Editorial acknowledgement

Legal entity responsible for the study

Frankfurter Institut für Klinische Krebsforschung IKF GmbH.

Funding

AstraZeneca.

Disclosure

T.O. Goetze: Non-Financial Interests, Personal, Advisory Board: Amgen, AstraZeneca, Bayer, BMS, Daiichi Sankyo, Foundation Medicine, Lilly, MCI, MSD Sharp & Dohme, Novartis, Roche, Sanofi Aventis, Servier, Deciphera, Boehringer Ingelheim; Financial Interests, Personal, Royalties: Amgen, BMS, Lilly, MSD, Novartis, Sanofi Aventis, Servier, Roche, GSK, Lilly; Financial Interests, Personal, Research Funding: AstraZeneca, Incyte, DFG, Gemeinsamer Bundesausschuss, Deutsche Krebshilfe, Servier; Financial Interests, Personal, Other: Amgen, AstraZeneca, BMS, Lilly, Merck Serono, Roche, Sanofi Aventis, Servier, Pierre Fabre.
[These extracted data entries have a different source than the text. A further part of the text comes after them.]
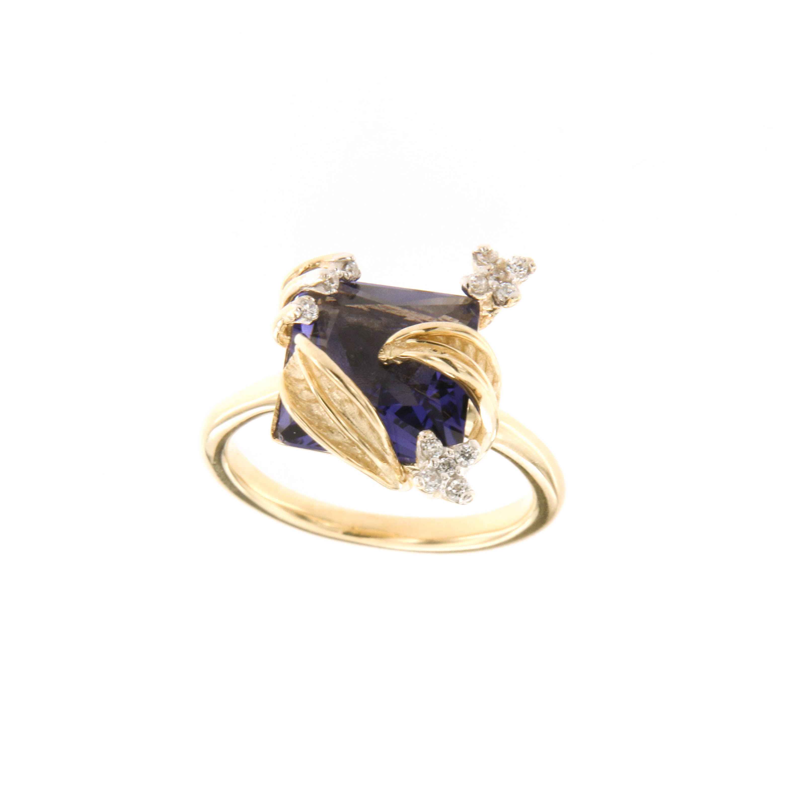 Пръстен от "Jacklin hugasian" в жълто злато със син кварц и циркони.
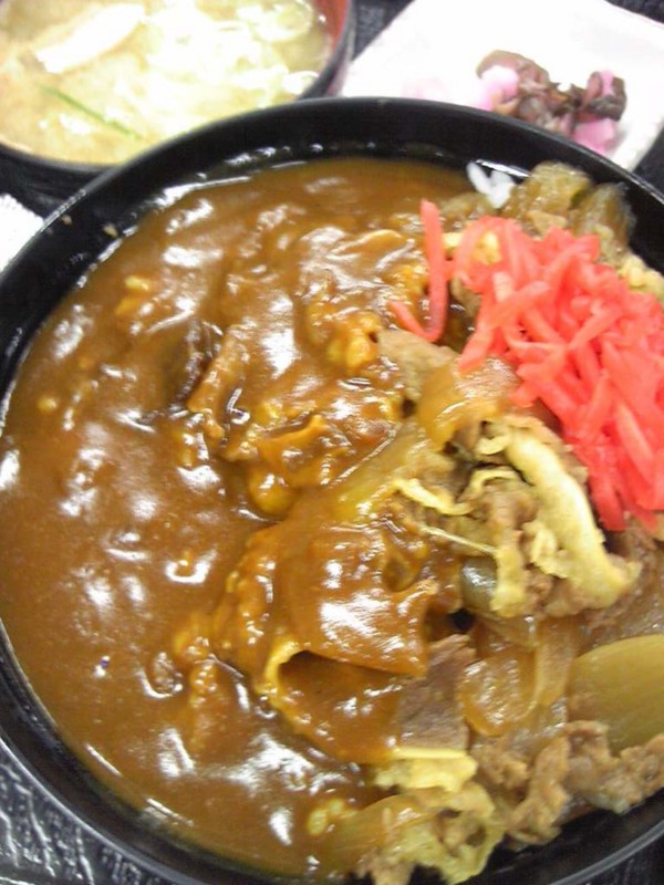 なすのぶっかけうどんと温玉カレー丼
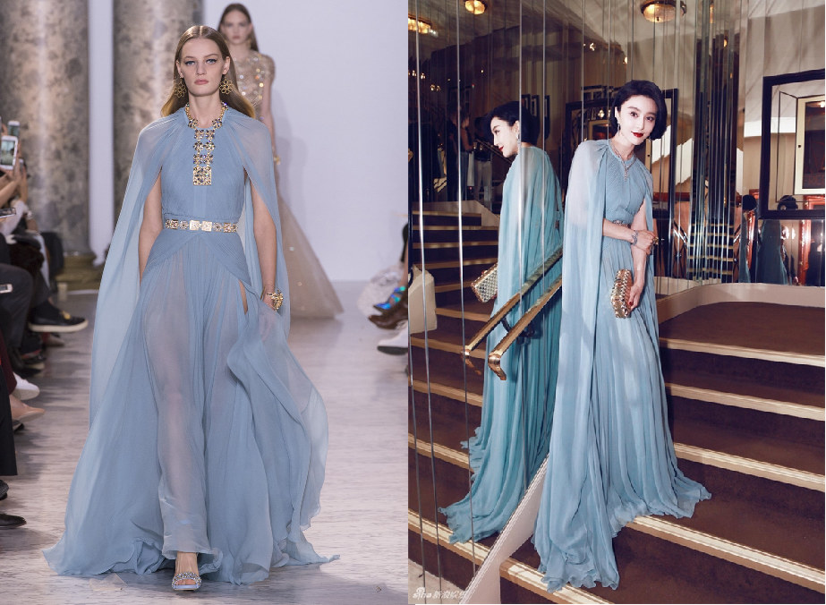 Chiếc đầm xanh pastel nằm trong bộ sưu tập Xuân Hè 2017. Phạm Băng Băng vẫn đẹp đẳng cấp khi diện những bộ cánh nhà Elie Saab.
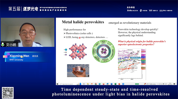 遠在澳大利亞皇家墨爾本理工大學的文小明研究員通過國際直播平臺,為國內外科研工作者做Time dependent steady-state and time-resolved photoluminescence under light bias in halide perovskites英文報告,文老師首先介紹了穩(wěn)態(tài)光致發(fā)光 (PL) 和時間分辨光致發(fā)光 (TRPL) 技術發(fā)展現(xiàn)狀。然而,當對表現(xiàn)出光照誘導的 PL 光譜、效率和壽命變化的材料(如鹵化物鈣鈦礦)進行測量時,這些技術面臨一些問題。在過去十年中,鹵化物鈣鈦礦因其優(yōu)異的光電特性和出色的器件性能(如高效太陽能電池、光電探測器和 LED)而引起了極大的研究興趣。使用標準 PL/TRPL 測量時,可能會忽略和遺漏關鍵信息,并可能導致誤解。本次報告文老師重點介紹一些光照誘導 PL 效率和載流子壽命增加的應用案例。使用專門設計的時間相關 PL/TRPL,有/沒有光照偏置,進行探索異常的光電特性,并利用其團隊*近提出的晶格能量庫理論對該現(xiàn)象做了很好地解釋。文老師作為卓立漢光產(chǎn)品的使用者,也在演講中感謝卓立漢光的協(xié)助,其團隊在RIMT大學定制了多功能PL-TRPL光譜系統(tǒng),該系統(tǒng)能夠完成上述大部分功能,并且功能大大擴展,包括激發(fā)、檢測范圍??梢灶A期該系統(tǒng)將能為其團隊的光物理研究提供重要的技術支持。
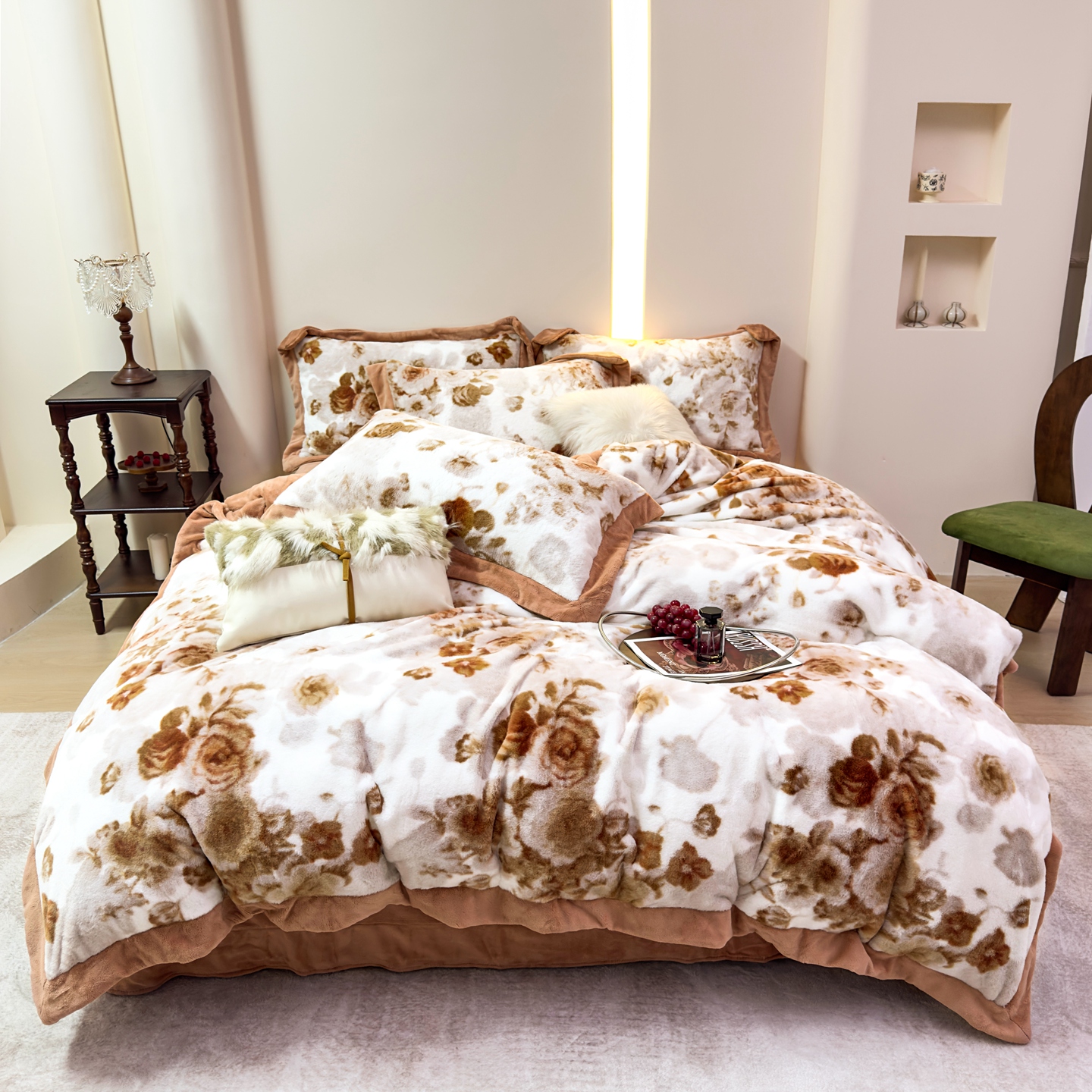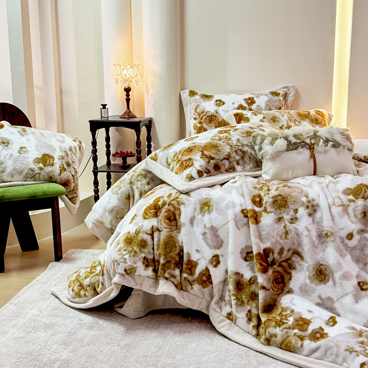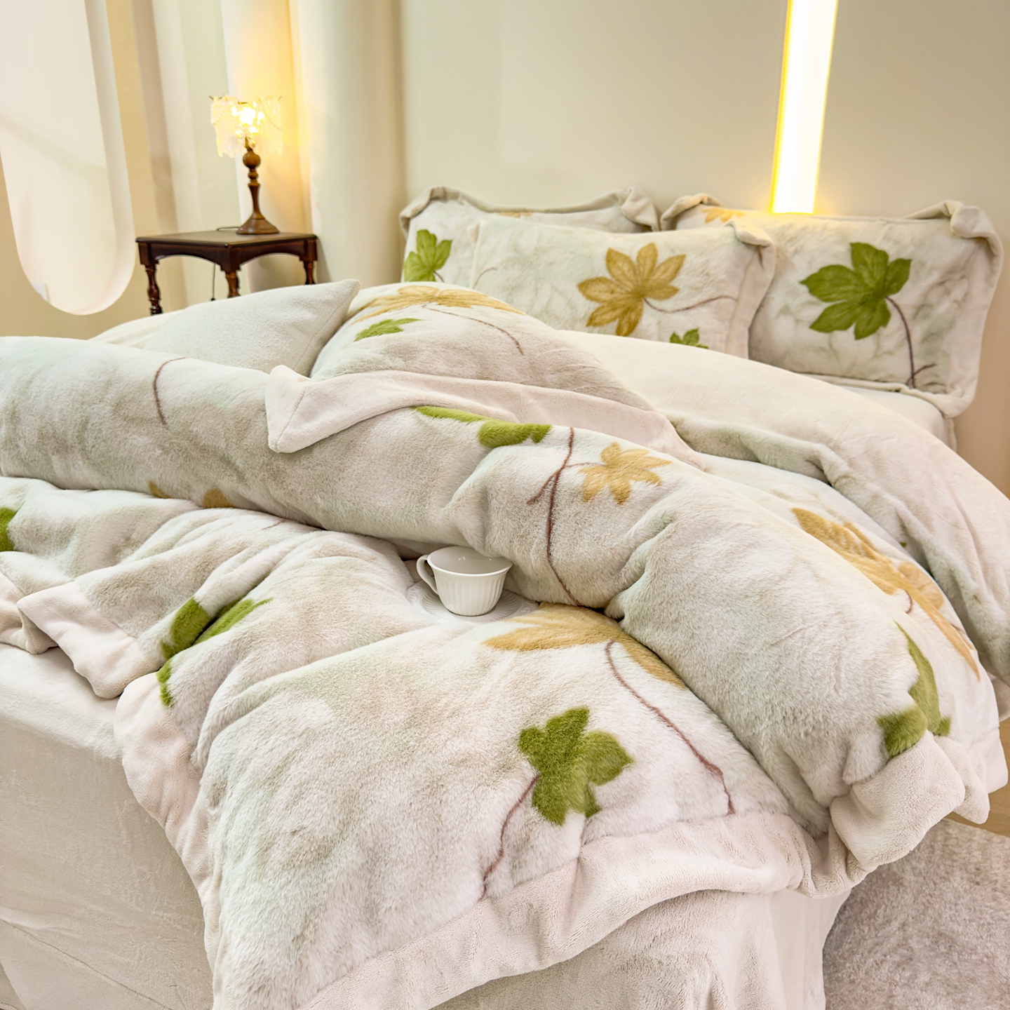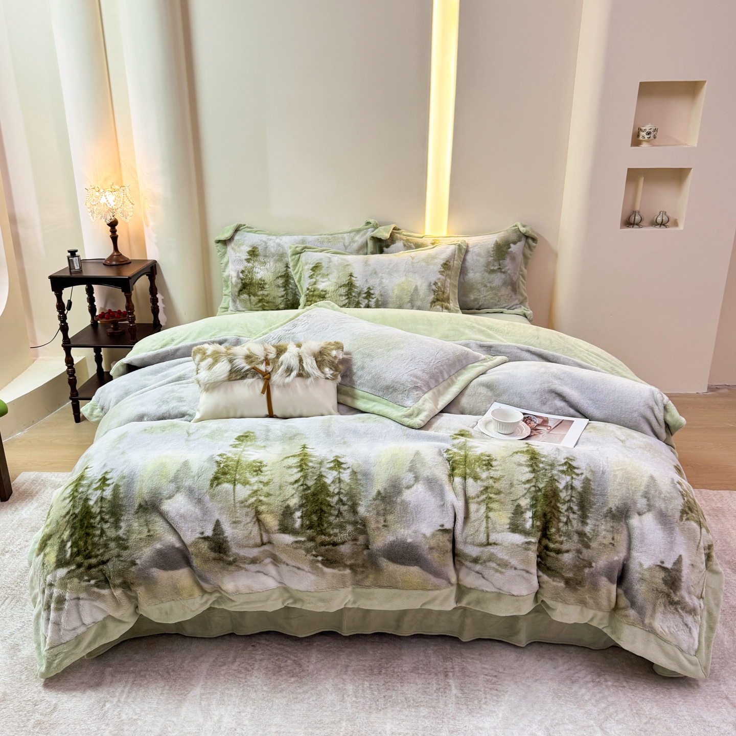 商品名称:优姿家纺 2025新款380克11斤兔毛绒印花四件套 秘境-茶绿
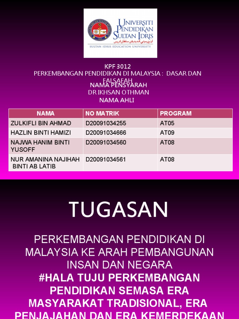 Beragam tari tradisional menghiasi negeri kita dari sabang sampai merauke. Contact hala tuju pendidikan on messenger. Tradisi dari nenek moyang yang mereka junjung tinggi juga dapat mempengaruhi pembaharuan sehingga terkadang mereka lebih. Puisi merupakan genre sastera paling awal bagi semua bangsa di dunia. Hala tuju pendidikan, petaling jaya, malaysia. Analisiskan hala tuju perkembangan pendidikan di malaysia mengikut era masyarakat tradisional, era penjajahan, era kemerdekaan dan era pasca merdeka dan era semasa & masa depan terhadap analisis hala tuju pendidikan era masyarakat melayu tradisional. Ibu bapa khususnya memberi tunjuk ajar berdasarkan kesimpulannya, hala tuju pendidikan era ini lebih becorak kepada penyatuan semua kaum melalui pengenalan bahasa melayu sebagai mata. Bahasa melayu dalam sistem pendidikan. Pantun tersebut sentiasa segar dalam hafalan masyarakat melayu, diingati generasi demi generasi, malahan berterusan hingga ke hari ini sebagai walau bagaimanapun, penciptaan pantun di alam melayu memperlihatkan pelbagai ciri kreativiti masyarakat setempat hingga melahirkan beberapa ciri. Blog silontong sejatinya sudah cukup banyak menulis alat musik tradisional belakangan ini. Pendidikan era masyarakat tradisional diajar oleh ibu bapa, ahli keluarga dan masyarakat sekeliling. Selepas berlakunya kemerdekaan kerajaan malaysia semasa era 1957 ordinan 1957 telah dibentuk bagi memantapkan halatuju pendidikan. Tugasan kpf 3012 dan bukanlah hasil yang terbaik kerana tidak menepati syarat tugasan iaitu video yang berdurasi 10 minit.

D. Pink: Financial Interests, Institutional, Invited Speaker: Blueprint, PharmaMar, Boehringer Ingelheim, Deciphera; Financial Interests, Institutional, Advisory Board: Roche, PharmaMar, Boehringer Ingelheim; Financial Interests, Institutional, Coordinating PI: BMS, Recordati, PharmaMar, Lilly, Roche, Boehringer Ingelheim; Financial Interests, Institutional, Other, scientific lead of a trial with funding from Novartis: Novartis; Non-Financial Interests, Project Lead: Institut für Klinische Forschung Frankfurt; Non-Financial Interests, Member: ASCO, Deutsche Krebsgesellschaft - German Cancer Society (DKG), Connective Tissue Oncology Society (CTOS), Deutsche Sarkomstiftung (DSS). S. Al-Batran: Financial Interests, Personal, Advisory Board: Lilly, Bristol Myers Squibb, MSD Sharp & Dohme; Financial Interests, Personal, Invited Speaker: MCI Deutschland GmbH; Financial Interests, Personal, Ownership Interest, CEO: Institut für Klinische Krebsforschung IKF GmbH; Financial Interests, Institutional, Research Grant: Sanofi, Roche, Celgene, Lilly, Eurozyto, Immutep, Ipsen, Bristol Myers Squibb, MSD Sharp & Dohme, AstraZeneca, German Cancer Aid (Krebshilfe), German Research Foundation, Federal Ministry of Education and Research. All other authors have declared no conflicts of interest.